Fantasie- und farbenreiche Bilder – Musiker sind stets zur Stelle, wenn es gilt, die Stimmung zu verdichten – wechseln mit konzentrierten Zweier-Szenen ab. Julian Crouch, der nicht nur inszenierte, sondern auch das Bühnenbild schuf und mit großartigen Puppen anreichert, siedelt das Geschehen gemeinsam mit seinem Partner Mertes in einem zeitlosen Umfeld an. Wie soll man leben? Und: Wie wird einer mit der Bedrohung durch den Tod fertig? Das sind die entscheidenden Fragen, denen sie sich stellen. Cornelius Obonya als Jedermann strampelt mit aller Kraft gegen die Zumutung des Todes an. Er ist übrigens nicht der eindeutige Unhold, nicht die Verkörperung des reinen Genussmenschen und rücksichtslosen Brutalisten. Er verdient auch Mitleid.
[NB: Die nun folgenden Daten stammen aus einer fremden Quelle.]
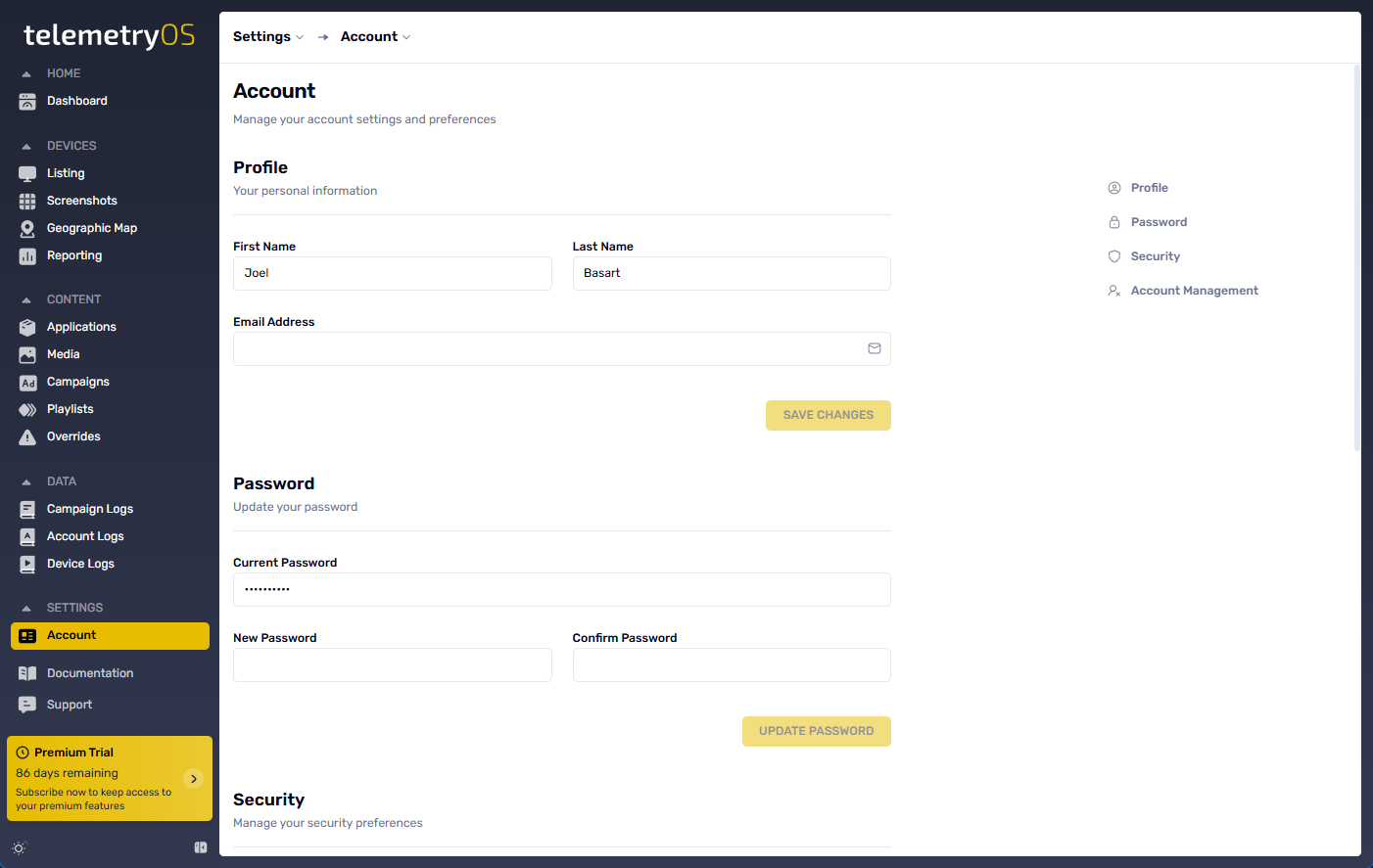 Account settings centralize personal profile information, security preferences, and connected service integrations within the TelemetryOS administration interface. Understanding these configuration options enables selection of appropriate defaults aligned with organizational security policies and operational requirements.
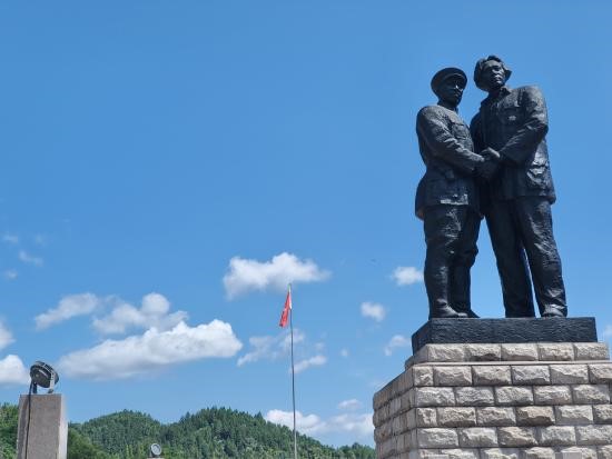 一程山路,一曲赞歌。实践团顺抵达朱毛会师广场。巍峨纪念碑前,师生肃立。矗立于广场中央的朱毛会师雕像,以苍劲雄浑的线条,铭刻下朱毛会师历史场景——两位伟人巍然屹立,目光如炬,穿透历史烟云,双手紧握,传递着信念与力量,诉说着革命理想的磅礴。“这一幕,不仅是往昔峥嵘的永恒定格,更是一部以磐石书写的宣言,昭示着道路选择的正确;这一幕,早已超越了物理的联结,化为永不褪色的精神印记——团结、奋斗与必胜的信念。”实践团成员王诗语如是说。热风猎猎,红旗之下,团队成员齐诵团队宣言,声震林樾,团队成员的信仰亦更加坚定。

Brigitte Hobmeier, die Buhlschaft, glänzt wieder mit übermütigen Fahrradkünsten, sie gebärdet sich immer wieder anzüglich und ein wenig frivol. Ihr rotes Flatterkleid verfehlt die gewünschte Wirkung nicht.

Die Umbesetzungen fügen sich nahtlos ins Ensemble ein. Der Teufel muss nicht unbedingt gertenschlank sein. Auch wenn er wie Christoph Franken ein wenig korpulenter ist, meistert er seine verzweifelt komischen Eskapaden. Und Jedermanns neuer Guter Gesell, Sven Dolinski, ist nicht nur gut, sondern kreuzbrav.
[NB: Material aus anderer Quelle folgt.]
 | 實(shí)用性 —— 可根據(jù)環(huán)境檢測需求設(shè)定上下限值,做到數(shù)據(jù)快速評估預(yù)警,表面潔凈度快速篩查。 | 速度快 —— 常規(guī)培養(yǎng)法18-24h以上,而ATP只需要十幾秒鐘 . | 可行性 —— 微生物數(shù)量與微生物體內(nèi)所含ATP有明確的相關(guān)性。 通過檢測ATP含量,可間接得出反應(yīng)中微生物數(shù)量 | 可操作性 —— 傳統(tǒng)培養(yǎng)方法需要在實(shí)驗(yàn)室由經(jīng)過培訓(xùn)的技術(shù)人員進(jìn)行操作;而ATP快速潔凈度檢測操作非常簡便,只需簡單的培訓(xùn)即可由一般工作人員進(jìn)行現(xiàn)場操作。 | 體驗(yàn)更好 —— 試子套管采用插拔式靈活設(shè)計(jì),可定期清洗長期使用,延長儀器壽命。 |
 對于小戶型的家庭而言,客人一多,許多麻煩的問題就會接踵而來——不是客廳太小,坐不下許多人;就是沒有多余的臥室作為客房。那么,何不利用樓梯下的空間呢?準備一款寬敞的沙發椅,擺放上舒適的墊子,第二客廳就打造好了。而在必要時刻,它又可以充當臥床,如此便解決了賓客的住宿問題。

Es macht Vergnügen, wie Julian Crouch die Figur der Guten Werke gestaltet hat. Als hilflos schwaches Wesen sitzt sie zunächst in einer Kiste, halb Mensch, halb Puppe. Man glaubt nicht, Johanna Bantzer vor sich zu haben, bis sie nicht später, zu Kräften gelangt, munter in der Teufelsabwehr mitwirkt.
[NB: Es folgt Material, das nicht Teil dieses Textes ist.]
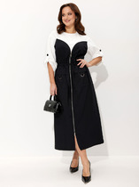 Платье женское, предназначено для повседневной носки. , так же может использоваться как нарядная одежда. Платье женское, длинное, слегка расширенное к низу. Перед с 2-мя отрезными бочками от подреза на уровне линии талии. Спинка отрезная по линии талии. Шов соединения деталей платья платья по линии талии с надстрочной кулисой собранной на эластичную тесьму. Низ платья с 4-мя горизонтальными притачными планками, чередующимися по цвету, на 3-х планках по 4-и односторонних маленьких складки по переду и спинки, формирующими расширение к низу. Низ платья с притачным воланам, с лёгкой сборкой по верхнему срезу. Горловина круглая, без воротника. Рукав цельнокроеный, короткий. Горловина и низ рукава обработаны косой бейкой. Платье со съёмным украшением. Платье без плечевых накладок. Длина спинки платья 138 см, ширина рукава под проймой 23 см.
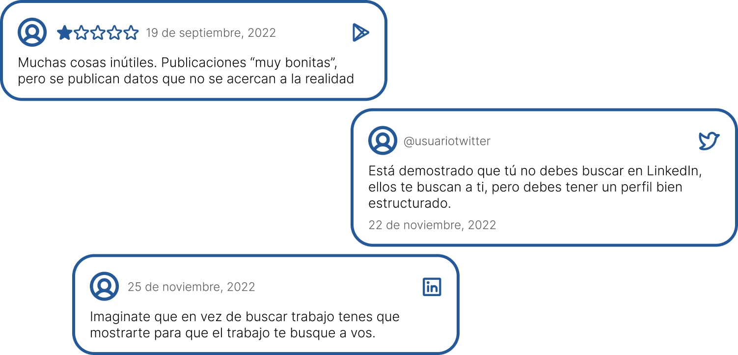 Observando el inicio de LinkedIn, se pueden encontrar varias opiniones de los usuarios mostrando su descontento ya que hace tiempo que buscan empleo y no logran encontrarlo, mencionan que no encuentran ofertas laborales y que muchas publicaciones no tienen que ver con lo laboral.
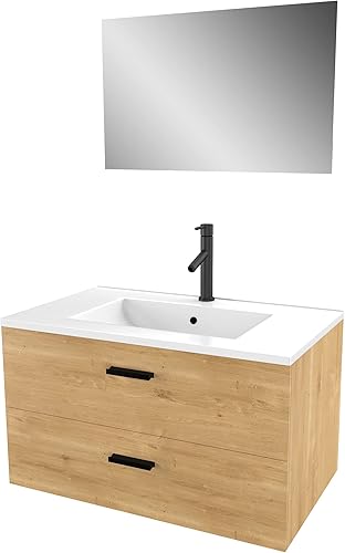 AURLANE Meuble Salle de Bain 80 cm Monte Suspendu Decor Bois H46xL80xP45cm - avec tiroirs - Vasque et Miroir
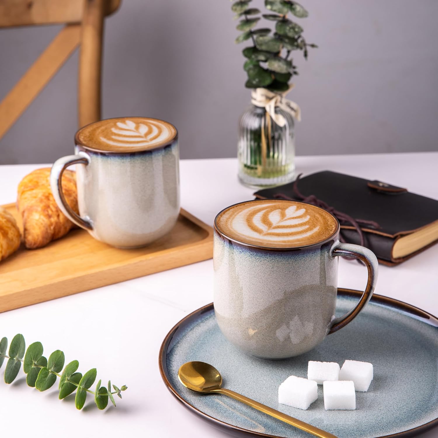 - ELEGANT AND STYLISH : it creates an alluring ambiance that exudes warmth. The eye-catching reactive glazes and rich, vivid hues not only soothe the senses but also elevate your dining experience. These ceramic mugs feature an ergonomic handle that provides a comfortable grip for your hand. The stable base ensures that the mugs are safe for daily use. With their modern design, these mugs are perfect for special occasions or for everyday use.
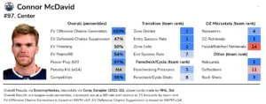 He’s producing at a 117 point pace with decent defensive metrics, and he still remains as the league’s best transitional player. His 5v5 xGF% is at a career-high, as McDavid is also generating scoring chances at a tremendously high rate.
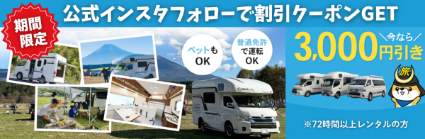 公式Instagramフォロー&コメントでキャンピングカーレンタル3,000円OFFクーポンをプレゼント
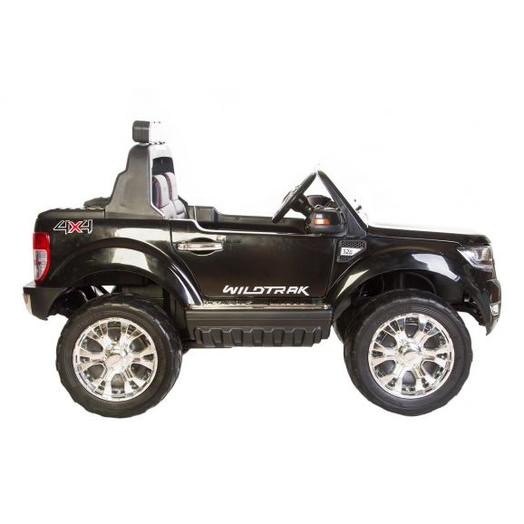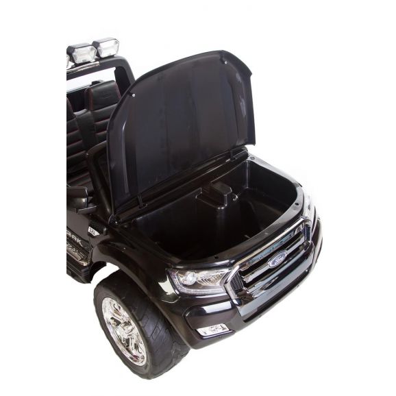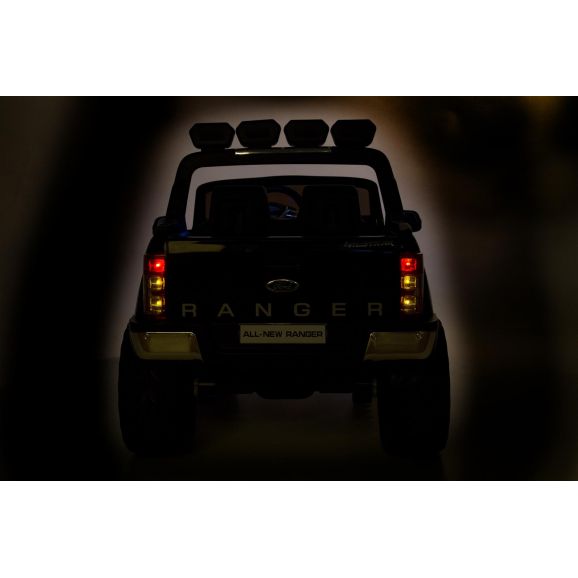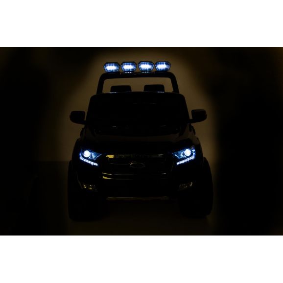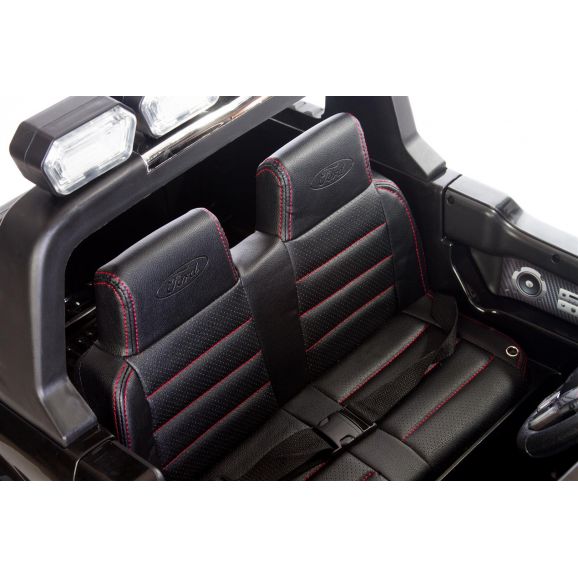 Fräck och cool elbil Ford Ranger med svart snygg design och lädersäten. Styr bilen med fjärrkontroll, barnet kan sitta i bilen medans vuxen styr bilen. Barnen kan köra bilen själva efter att de lärt sig kontrollera bilen själv. Elbilen har exklusiva gummidäck för tystare och mjukare körning samt ljud och ljusfunktioner, glöm inte sätta på ljusen på kvällen.
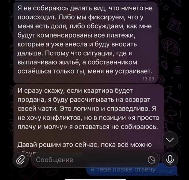 Девушка снимала у мужчины жилье, пока не поняла, что живет в ипотечной квартире и ее деньги уходят на оплату кредита. Красотка смекнула, что так делать негоже, поэтому решила потребовать долю. Кто прав в этой истории, а кто виноват? Обсуждаем в комментариях.
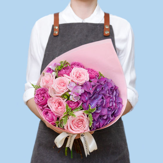 Гортензия белая 2 шт, гортензия персик 1 шт, роза Лавендер Букет 5 шт, гвоздика черничная 5 шт, иле…

Als die Schauspieltruppe am Schluss nach dem durchaus ergreifenden Todesfall wieder zu guter Laune fand und tanzend zur Musik weiterzieht, hatte wohl kaum jemand im Publikum den Eindruck, im Großen Festspielhaus nur eine eingeschränkte Version des „Jedermann“ gesehen zu haben.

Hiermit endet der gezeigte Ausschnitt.